RomanS comments on Why there is still one instance of Eliezer Yudkowsky?

RomanS 3 Nov 2025 19:42 UTC
1 point
0
My primary research work is in the field of sideloading itself. The digital guy helps with these tasks:
- Generate / criticize ideas. For example, the guy helped to design the current multi-agent architecture, on which he is now running.
- Gently moderate our research group chat.
- Work as a test subject.
- Do some data prep tasks (e.g. producing compressed versions of the corpus).
I expect a much more interesting list in the field of alignment research, including quite practical things (e.g. a team of digital Eliezers interrogating each checkpoint during training, to reduce the risk of catastrophic surprises).
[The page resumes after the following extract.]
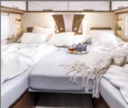
Viel Platz: Bettenverbreiterung für getrennte Betten (GD)

Of course, not a replacement for a proper alignment, but may win some time.
Judging by our experiments, Gemini 2.5. Pro is the first model that can (sometimes) simulate a particular human mind (i.e. thinking like you, not just answering in your approximate style). So, this is a partial answer to my original question: the tech is only 6 months old. Most people don’t know that such a thing is possible at all, and those who do know—are only in the early stages of their experimental work.
BTW, your 2020 work investigating the ability of GPT-3 to write in the style of famous authors—made me aware of such a possibility.